Since the protein and DNA coordinates were kept fixed in the CB/GCE run, the asymmetry of the two subunits in the specific complex is also reflected in the water structure obtained from the simulation. Due to the contact of the DNA to Asp-196 of the R subunit, the minor groove of the first half-site is less hydrated in the specific complex and the maximum hydration is shifted from the GC3 to GC2. We expect that in the fully functional state of BamHI, where no such minor groove contact is present in either subunit (29), the minor groove of both basepairs 3′ to the scissile phosphates has the highest number of coordinated water molecules.
Indirect interactions with the phosphates are important for stability of the specific complex, the formation of which results in exclusion of most of the waters from the hydration shells of those phosphates that contact the protein (P2–P5 of the first strand and P13–P15 of the second strand). The few remaining water molecules form a single hydration shell with a low (0–2) coordination number around the phosphates, which participate in the indirect interactions. In the noncognate complex the contacts between the protein and DNA are restricted to water mediated interactions with the phosphates, mostly at the correct first half-site. Therefore P2–P5 and P13–P15 are also less hydrated than the other phosphates facing the solvent, but their hydration is increased compared to that in the specific complex (Table 1). The difference between the specific and noncognate complex is most pronounced at the star site with the G→A substitution (1.5 water molecules).

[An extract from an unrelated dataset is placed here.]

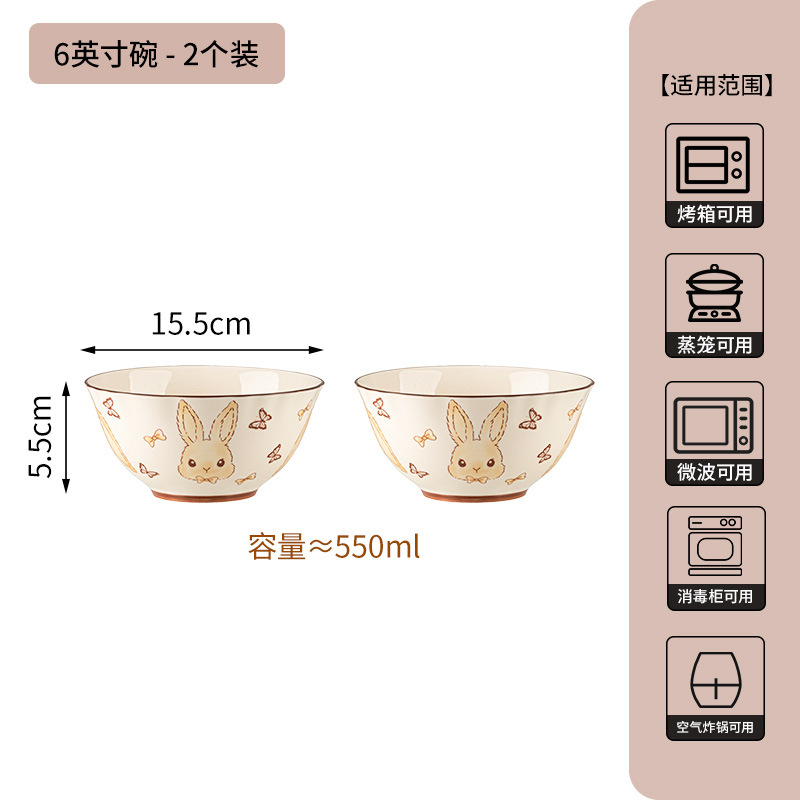 6-inch floral double-ear bowl-milky white glaze hepburn rabbit

Differences in hydration of the recognition sequence between the cognate and noncognate complex
Water release is one of the major driving forces of specific complex formation between the protein and a DNA, and the concomitant entropy increase makes a major contribution to the free energy of binding (42,43). We found that local water structure is influenced by a single basepair substitution in the recognition sequence. We analyze the effect of this substitution on the amount of released water in the formation of the specific complex.

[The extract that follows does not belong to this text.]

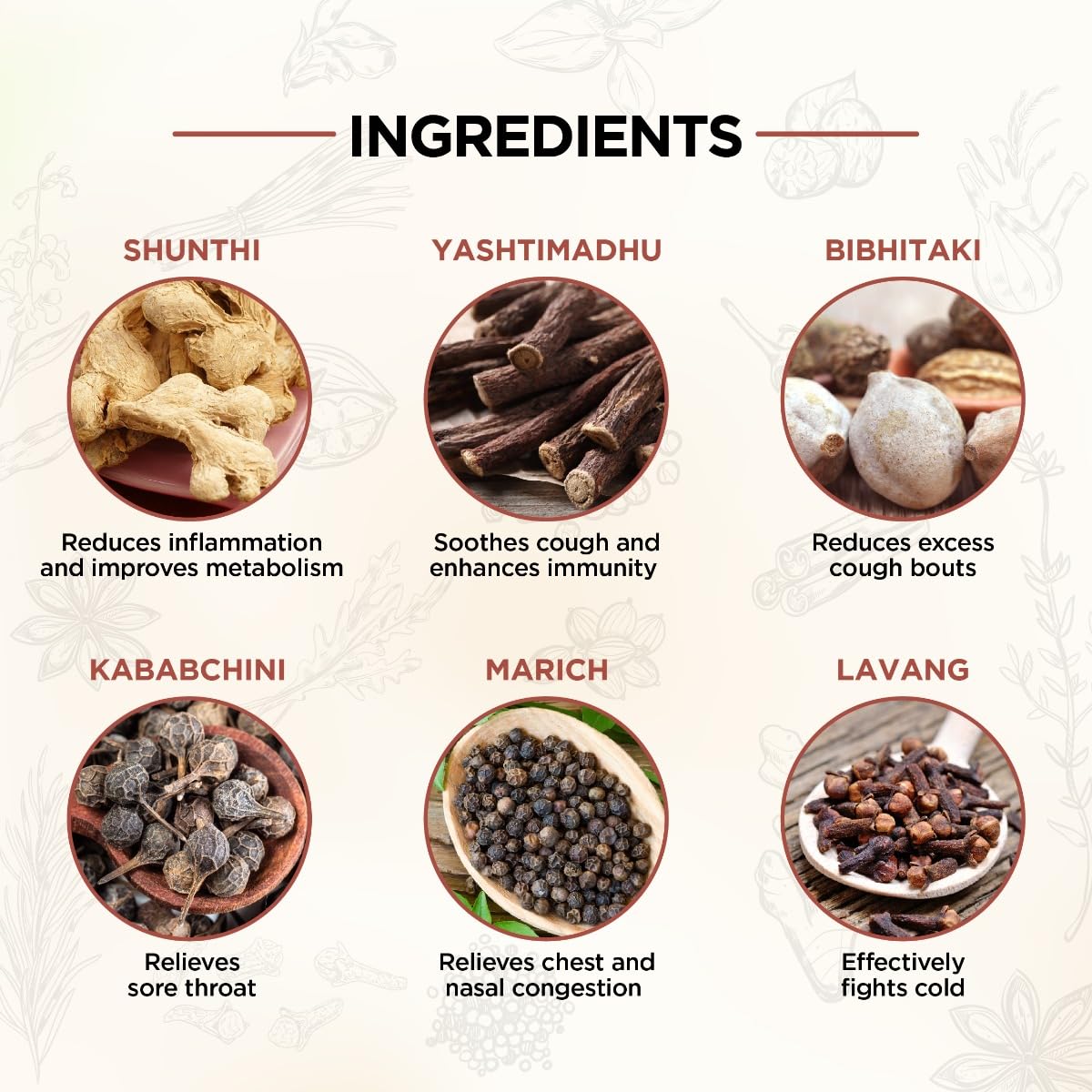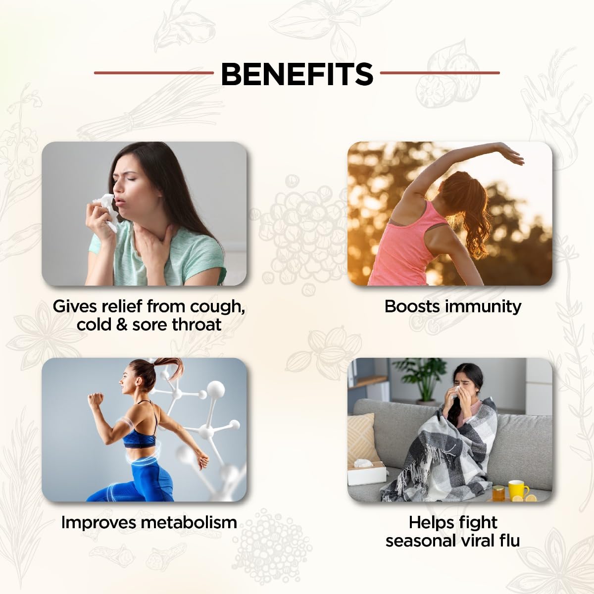 • Pleasant in Taste & Aroma: The palatability of the product is emphasized indicating that it is formulated to have a pleasant taste and aroma. This can make the kadha more enjoyable to consume especially for those with a sensitive palate.

Running coordination numbers (presented in Table 1) computed for the first and the first two solvation shells of the specific BHM_GS complex have been subtracted from those obtained for the noncognate ESG_GS complex. In total, the first solvation shell of the noncognate complex contains 62 waters more than that of the specific complex, whereas including the second solvation shell, 97 more waters can be found. We propose that the additional water molecules are released into the bulk in the process of specific complex formation, i.e., upon transition from the noncognate to the cognate structure. During this transition, 26 water molecules are displaced from the first hydration shell of the major groove and 22 from the minor groove. Phosphates of the two strands contribute to water release almost an equal amount of seven waters each. Water release from the minor groove might be overestimated due to the contact between the R subunit of BamHI and the first half-site of the substrate in the specific complex.

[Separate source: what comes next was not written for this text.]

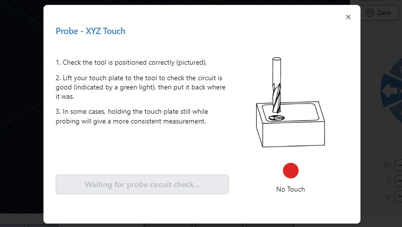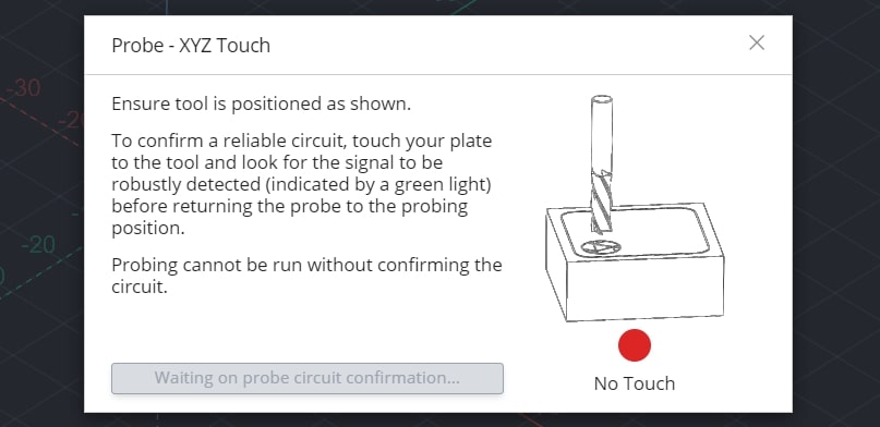 Back in the ‘Probe’ tab, you can choose which axis to probe for and the diameter of the bit you’re using – in this case select ‘XYZ’. The bit size can be selected from the drop-down of saved bits, or can be typed in manually. Press the ‘Probe’ button and you’ll get a pop-up window to confirm you’ve positioned your bit correctly and you’ll be prompted to check for a good connection.

Due to the perturbation in local water structure, the amount of water released shows considerable variations along the recognition sequence (Fig. 3). Largest hydration changes of 14–15 water molecules are associated with the middle two basepairs (AT4 and TA5), whereas the smallest difference of 4.5 water molecules can be observed at the correct scissile site (GC3). Interestingly, on the corresponding star site of the sequence (TA6), the hydration difference is larger by 2.5 water molecules than at the correct site, indicating that water release is affected at single basepair level. Sequence dependent variations in hydration are more pronounced when the second solvation shell is also taken into account (Fig. 3 B); changes in solvation around the correct and the star site increase to 3.5 water molecules.
Energetics of interfacial water molecules in the noncognate complex
We have shown that the formation of a high affinity complex requires the displacement of more water molecules from the incorrect site of the recognition sequence than from the correct site. However, energetic requirements of replacing water molecules by protein groups are determined by the interaction energies of the waters with the specific site to which they are coordinated. In an attempt to elucidate whether interaction energies can discriminate between the correct and the star site, we have computed the solute-solvent interaction energies of water molecules around the grooves and phosphates of the recognition sequence (Table 2). Clearly, solute-solvent energies are dependent on the sequence and thus they might serve as the energetic basis for sequence discrimination. In the major groove, interaction energies of the waters are strongest with the middle basepair AT4, predicting the importance of this basepair for stability of the complex, but are almost equal for the correct and the star site (GC3 and AT6, respectively). Solute-solvent energies of the scissile phosphates of the correct and the star site clearly show a difference: the interaction energy of P11 is lower by 2.9 kcal/mol than that of the corresponding phosphate on the first half-strand (P3), suggesting that it is more difficult to replace the water molecules around the scissile phosphate of the star site than around the correct site. Interestingly, the interaction energies of the opposite phosphates (P6 and P14) with the surrounding water molecules also differ from each other by 1.6 kcal/mol. Phosphates of the central basepairs (P4 and P12) that contact BamHI have lowest interaction energies in agreement with their role as clamps in the high affinity complex with a full 12 basepair DNA (29).
TABLE 2.
Major groove | Minor groove | Phosphate I | Phosphate II | |
---|---|---|---|---|
GC2 (P2,P15) | −7.55 ± 0.55 | −13.85 ± 0.95 | −13.27 ± 0.42 | −16.43 ± 0.43 |
GC3 (P3,P14) | −7.58 ± 0.43 | −9.78 ± 0.47 | −12.65 ± 0.45 | −15.1 ± 0.37 |
AT4 (P4,P13) | −12.74 ± 0.50 | −9.30 ± 0.32 | −16.81 ± 0.97 | −14.01 ± 0.32 |
TA5 (P5,P12) | −7.03 ± 0.36 | −10.65 ± 0.44 | −15.63 ± 0.64 | −17.02 ± 0.85 |
CG6,TA6 (P6,P11) | −7.32 ± 0.41 | −11.33 ± 0.52 | −13.51 ± 0.36 | −15.55 ± 0.53 |
CG7 (P7,P10) | −7.16 ± 3.1 | −13.51 ± 0.71 | −17.02 ± 0.43 | −12.28 ± 0.34 |
DISCUSSION
Water is an essential participant in macromolecular binding and it can contribute to recognition in several ways. Complex formation is initiated by interactions between partners of protein-protein or protein-DNA molecules with fully hydrated surfaces. During the process, specific bound waters are expelled from the interface leading to burial of the contact surfaces. Several water molecules, however, may remain trapped at the interface and serve to mediate interactions between the macromolecules. Interfacial water molecules in specific complexes not only act as linkers, but they have also been shown to buffer electrostatic repulsion between negatively charged groups of protein and DNA (44).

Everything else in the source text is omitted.